I'll give him a pass on that one as Cheez Whiz(tm) is just disgusting.
Aug '10
Re: Romney's Challenge: A Penny Loafer for His Thoughts
I feel a game coming on ! Grab that gaffe . Look how they deconstructed macaca, and they started by not being able to spell macaque.
Most rumors, evil thoughts, and snark has a momentum unmatched by other means. What is the saying, a rumor will circle the globe before the truth steps out the door.” ...

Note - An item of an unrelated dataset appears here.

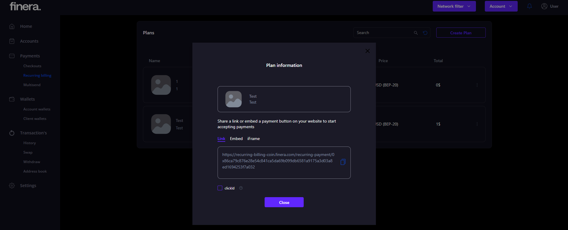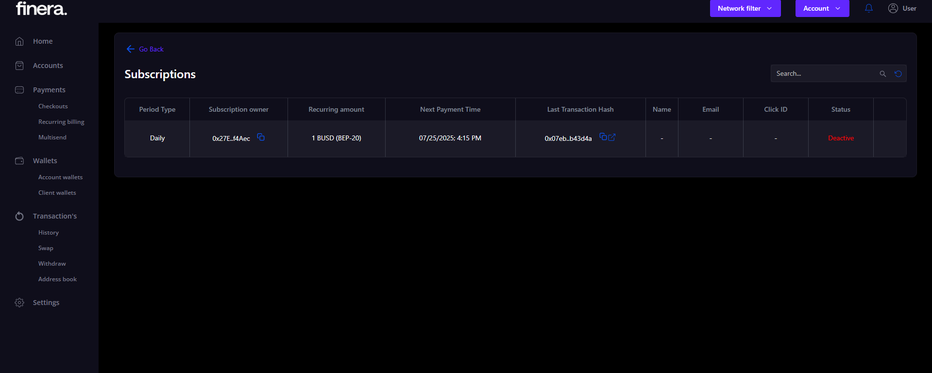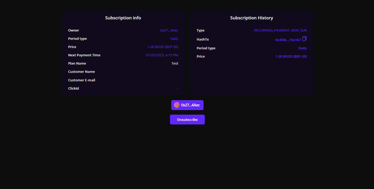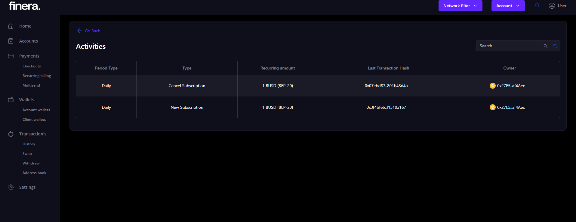 Recurring billing is a payment model used when a subscription business charges a customer's crypto wallets for products or services on a regular billing schedule.

Press is circling drain. It's why I'm here.
Mar '11
Re: Romney's Challenge: A Penny Loafer for His Thoughts
They won't dare go near Sarah's shoes. That lady does have taste.
May '10
Re: Romney's Challenge: A Penny Loafer for His Thoughts
Bill Whalen:
And it means deciding who he really is -- the technocratic moderate who showed up this week in New Hampshire trying to position himself toward the middle against big-name conservatives, or the rebranded social conservative who showed up in Michigan in 2007 trying to position himself to the right of big-name moderates? ·
But I think the real problem Bill is that the Republican electorate neither needs nor wants either of those figures. They want someone with core principles and that's the real trouble. Mitt Romney's biggest problem is that his style is a generation too late. He might have triumphed in the primaries over Bob Dole.
Nov '10
Re: Romney's Challenge: A Penny Loafer for His Thoughts
Trace Urdan
Mitt Romney's biggest problem is that his style is a generation too late. He might have triumphed in the primaries over Bob Dole.
I would never describe the "style" of a talented donut maker as too late for anything! And any comparison to Dole is irrelevant; Dole had impressive military credentials, but zero private sector gravitas.